The island jutted up from the ocean, a tiny mountain blanketed in trees and shrubs. The shoreline curved inward quickly in either direction, interrupted by the occasional rocky outcropping. The waxy leaves of palm trees and ferns rustled in the breeze, and a the waves batted idly at the beach.

He felt, for the most part, intact. His knees and elbows still bent the right way, he couldn't find any broken bones, and his insides were still inside him. He had a sore spot on his head from his landing on the plane's ceiling, and he had a few cuts here and there he didn't remember from before the crash. He figured he could probably inspect himself better if he took off his sand-crusted clothes, but for now he just wrenched off his sopping shoes and laid his socks to dry out next to them.

He walked a ways up and down the beach, staying close to the greenery of the island's interior but not yet willing to walk through it in his bare feet.
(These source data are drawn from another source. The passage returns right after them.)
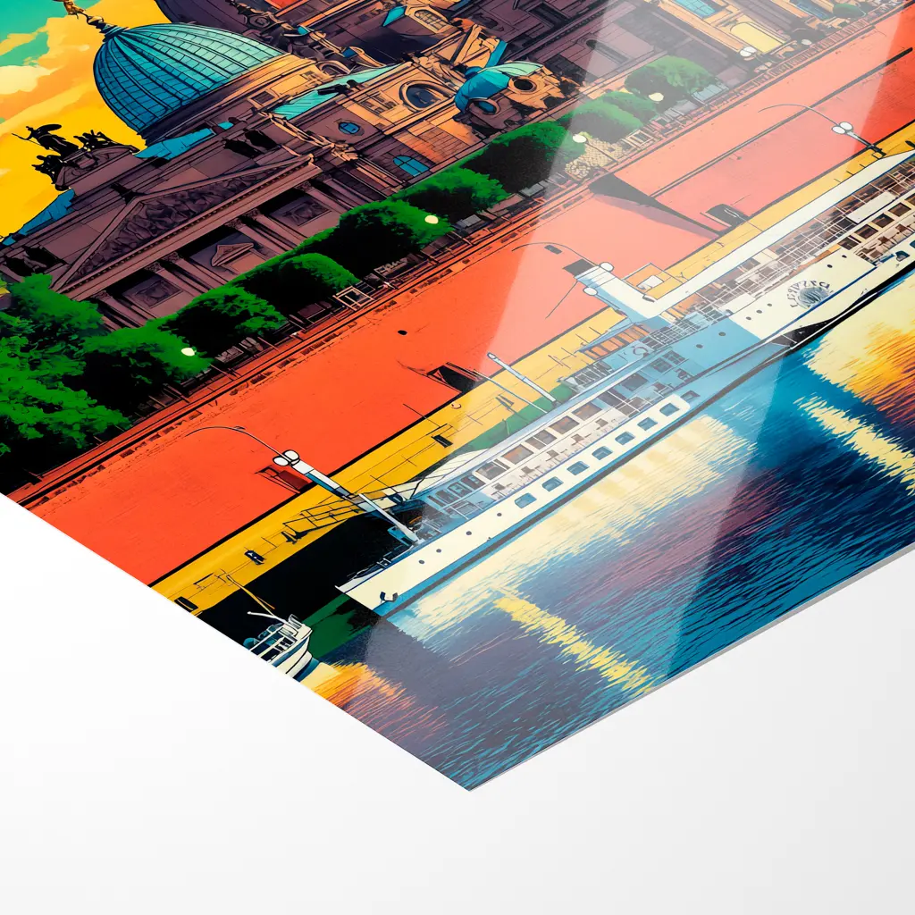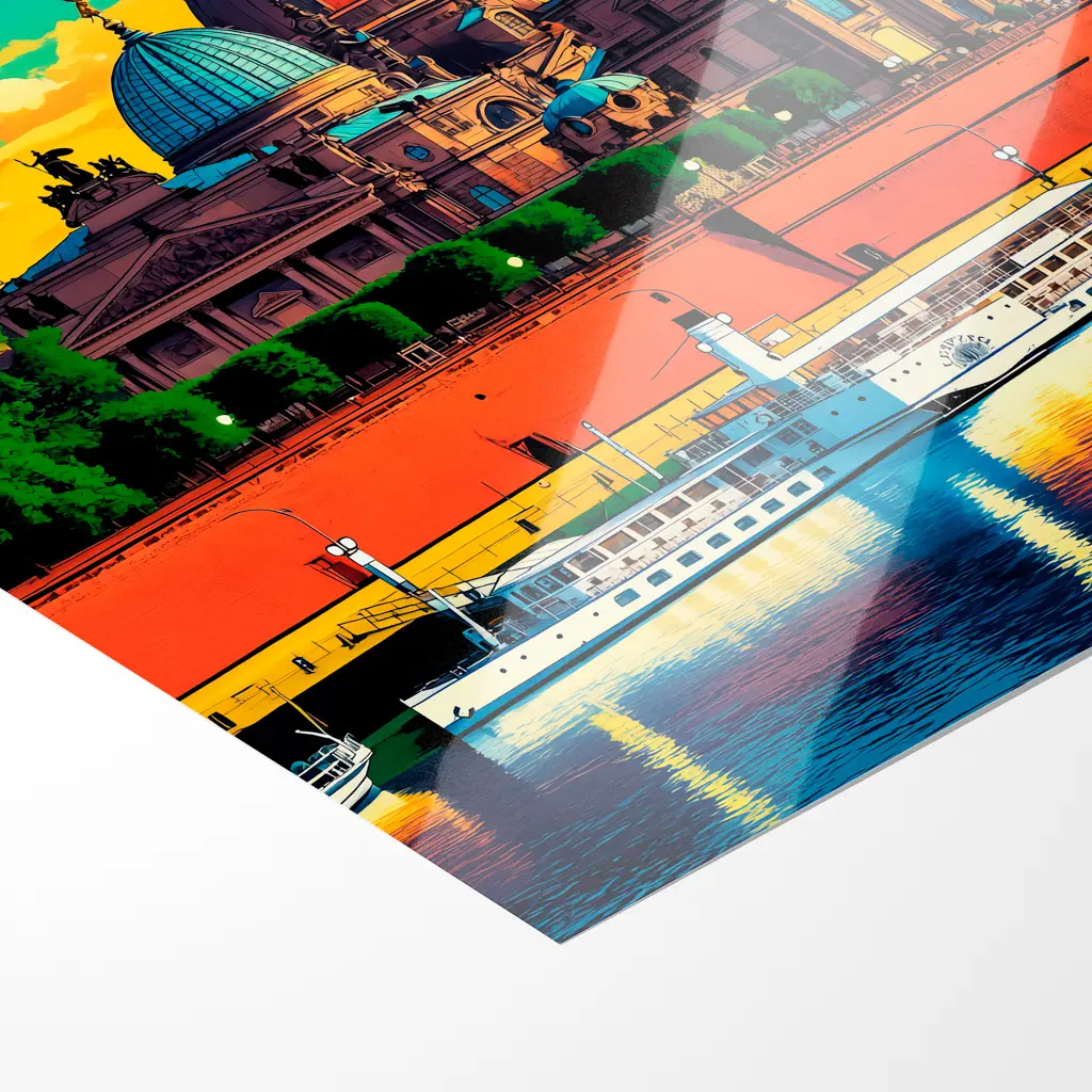 Ein glänzendes Papier welches dadurch leider anfällig für Fingerabdrücke ist. Weiterhin ist es nicht für die Rahmung hinter einer Glasscheibe geeignet. Die glänzende Oberfläche sorgt allerdings auch für eine sehr gute Farbbrillanz, eine schöne Tiefenwirkung sowie gute Kontraste mit reinen vergilbungsresistenten Weißtönen.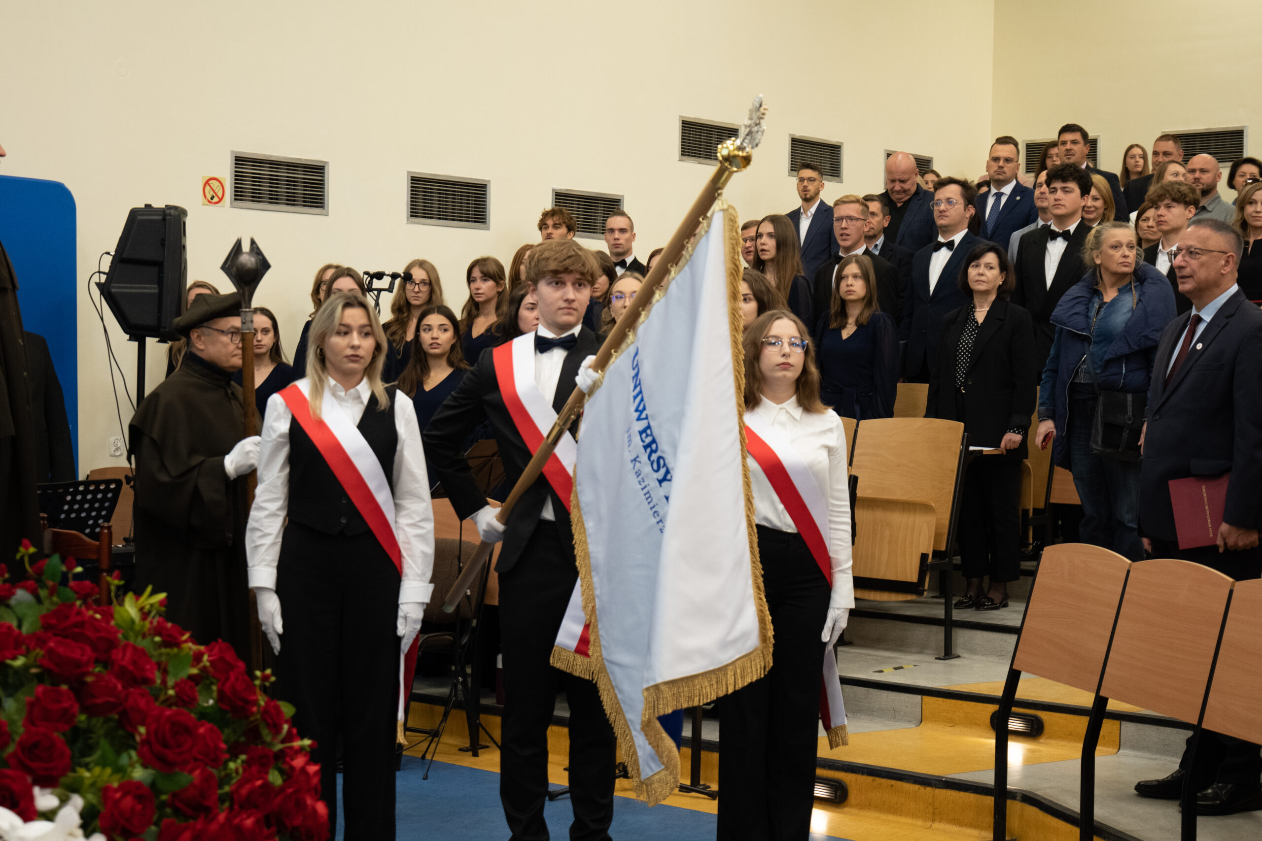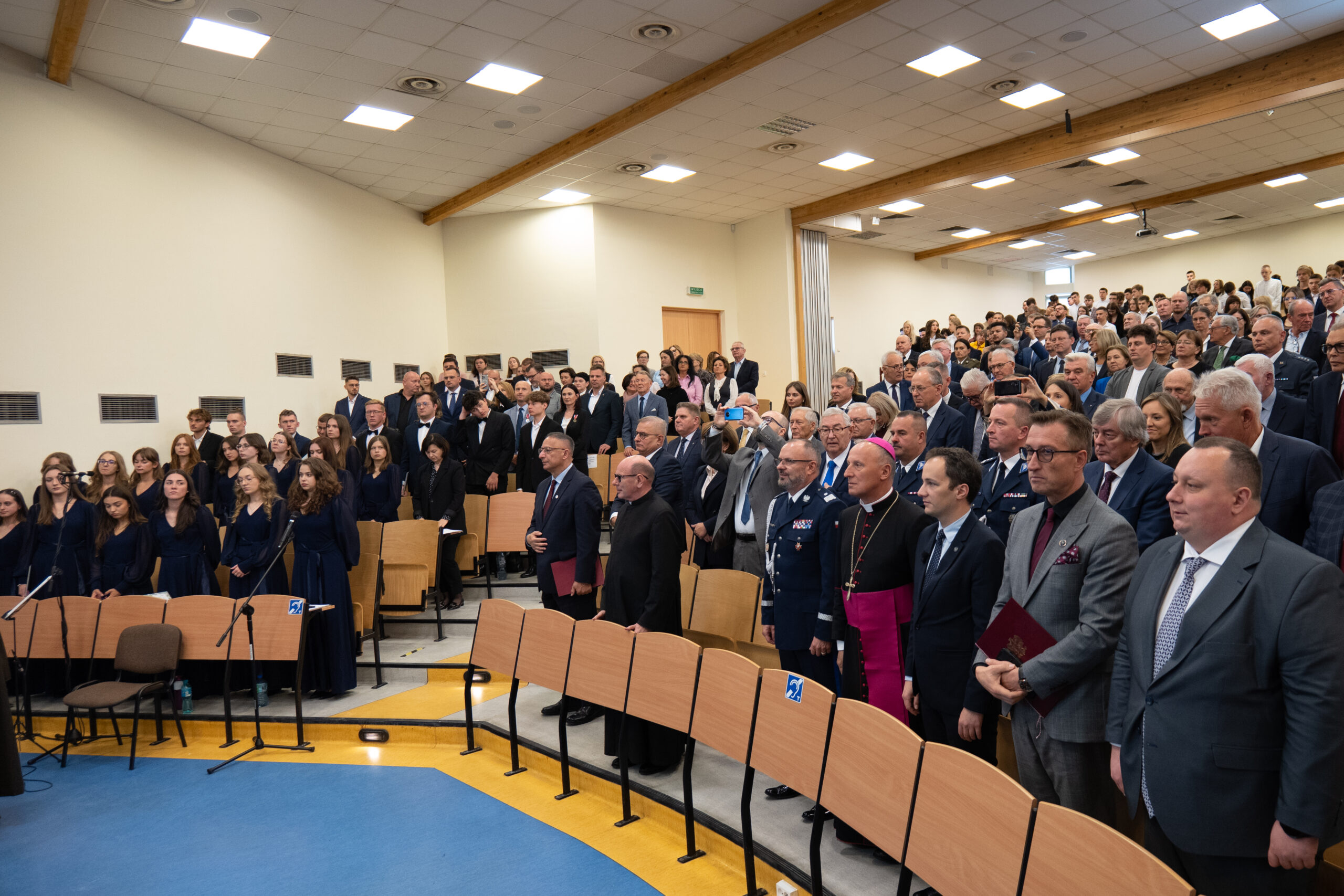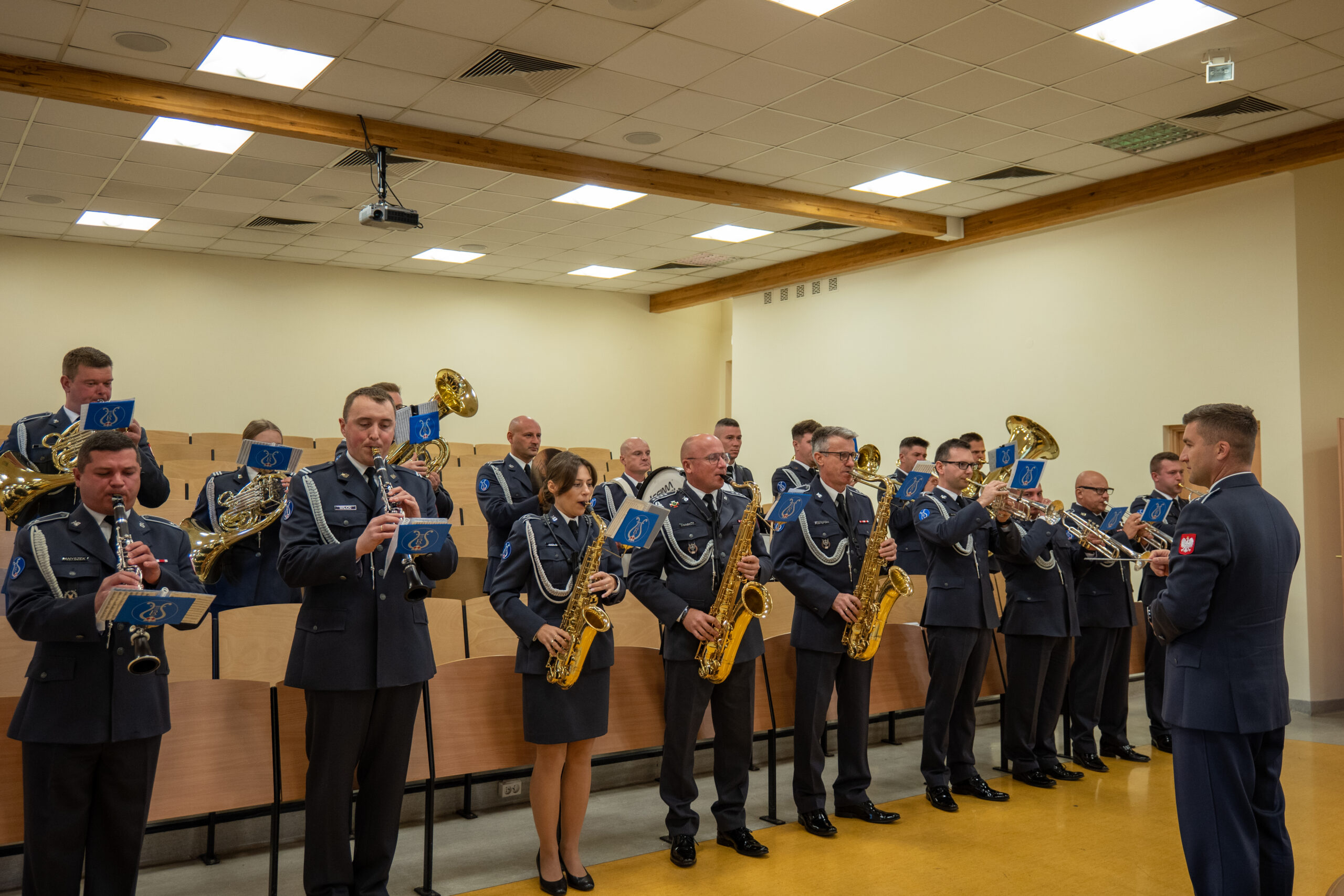 Jak corocznie uroczystość uświetnił występ chóru akademickiego pod kierownictwem pani Agnieszki Kobierskiej oraz orkiestry wojskowej.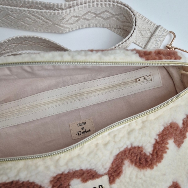 Poche intérieure, doublé en coton, sangle amovible réglable.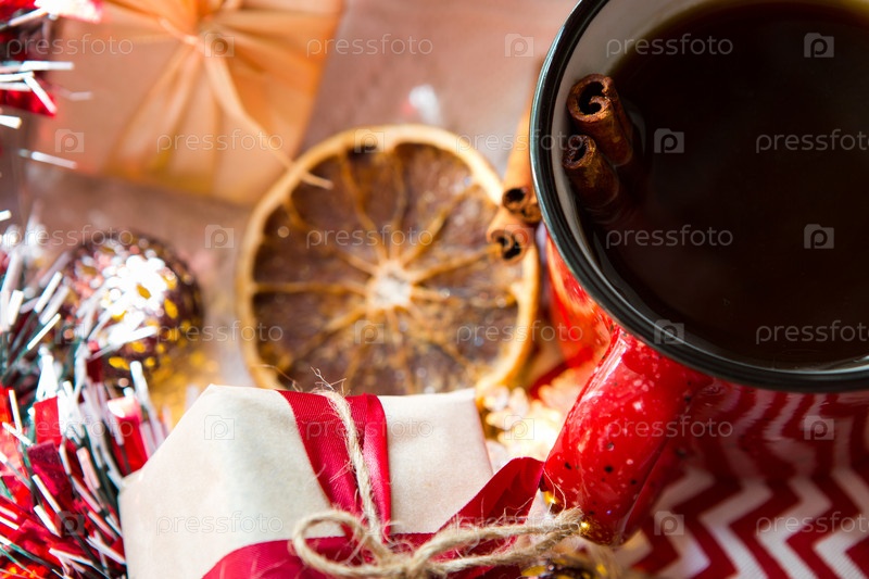 Красная кружка с чаем и палочками корицы, ломтик сушеного апельсина, рождественский декор, подарочные коробки и гирлянды на столе. Плоская укладка. Новый год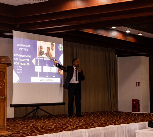 La série de présentations a été clôturée par le Chef du Service de la Promotion de la Bonne Gouvernance des Finances Publiques, M. Jean Arnaud BARAKA adressant un message sensibilisateur à l’endroit des différents acteurs, leur expliquant les principes de la bonne gouvernance appliqués dans l’exécution de recettes publiques suivis de l’inventaire des fautes de gestion en matière de recettes passibles de sanction devant le CDBF.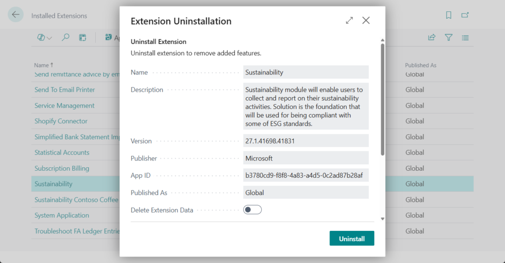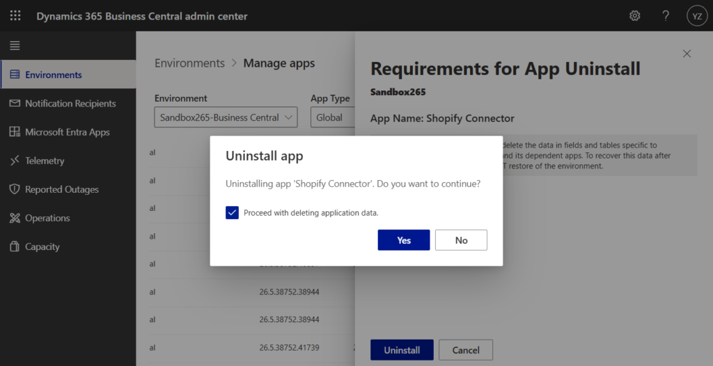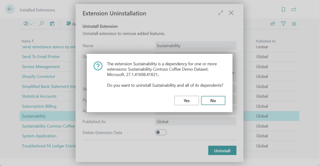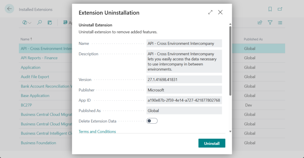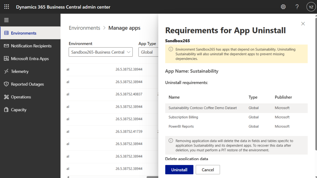 If other apps depend on the app that is being uninstalled, those dependent apps also have to be uninstalled. The Business Central administration center lists dependent apps in the App Uninstall pane and ask to confirm that these apps are to be uninstalled as well.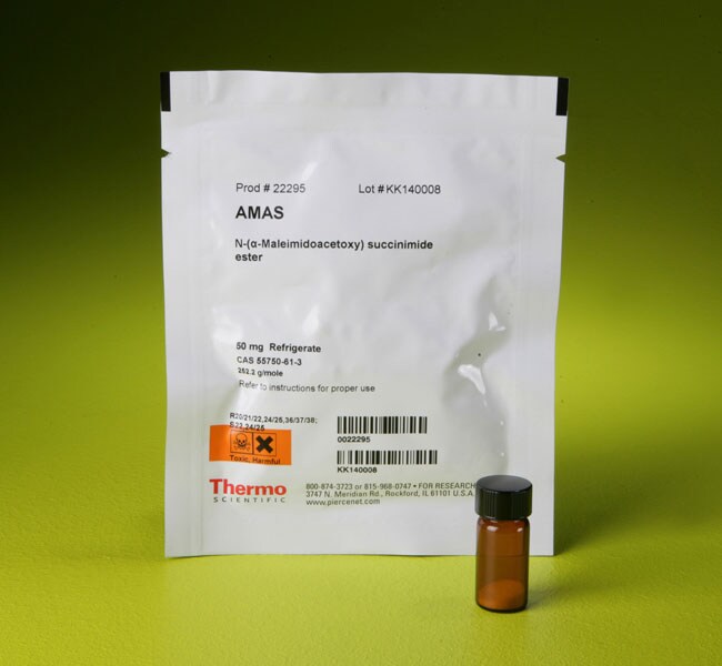 Thermo Scientific Pierce AMAS is an amine-to-sulfhydryl crosslinker that contains NHS-ester and maleimide reactive groups at opposite ends of a very short spacer arm (4.4 angstroms).

He took note of several coconut palms; he wasn't sure he had a way to reach the bunches--was that the word, "bunches?" Maybe "clutches?"--or even to break them open if he did, but he was sure he'd be glad they were there if help didn't arrive soon. He spotted some pinkish-white golf ball-sized fruits growing on one variety of tree of orange-yellow blossoms. He plucked a few couple of these, pocketed them, and did the same with some green almond-shaped pods he found on the lower branches of a towering tree. He also found a shrub dotted with dark red berries. He couldn't decide if red was a good color for edible berries or a poisonous one, but he picked a few of these, too.

He turned back when he was just about to lose sight of his shoes. He reminded himself that there was no real importance to this spot other than that it happened to be where he came ashore, but decided to settle here for the moment, anyhow. He decided that he might want to keep track of the shoreline closest to his plane's wreck, submerged though it was. After all, it wasn't technically his plane, and he might need to explain where he left it someday.

He sat beside his soggy shoes and pulled his harvest out from his pockets. Whether or not any of his finds were toxic, he guessed that none of them were toxic enough that he couldn't stomach one bite. He might be here a long time, and he wanted to find a food source sooner than later.

He started with the golf-ball fruits, really shaped more like jellybeans on closer inspection. He bit into it and was surprised when his teeth clamped down on a tough seed. The skin wasn't very palatable but hid a surprisingly sweet flesh the color and consistency of snot. He plucked out the seed with two sandy fingers and squeezed the rest of the meat into his eager mouth. He swallowed and waited patiently for any ill signs. He wasn't sure what being poisoned felt like, but this fruit was so far pleasant, and poisons weren't pleasant, right?

He moved on to the green almond-shaped pods. They were hard, and pondering them now he suspected he'd taken something unripe. He bit this one carefully, peeling back the thin skin to discover a nut that looked like tiny, purple, elongated football. It was soft enough to chew, and oddly milky in taste. Its texture wasn't dissimilar from a macadamia nut. He wondered if he'd eaten this before in one of those cans of mixed nuts he bought at the supermarket.

The red berries resembled cranberries, both in color and taste. He wouldn't mind eating a lot of these, though he suspected he couldn't survive on them very long. He ate all the ones he'd picked.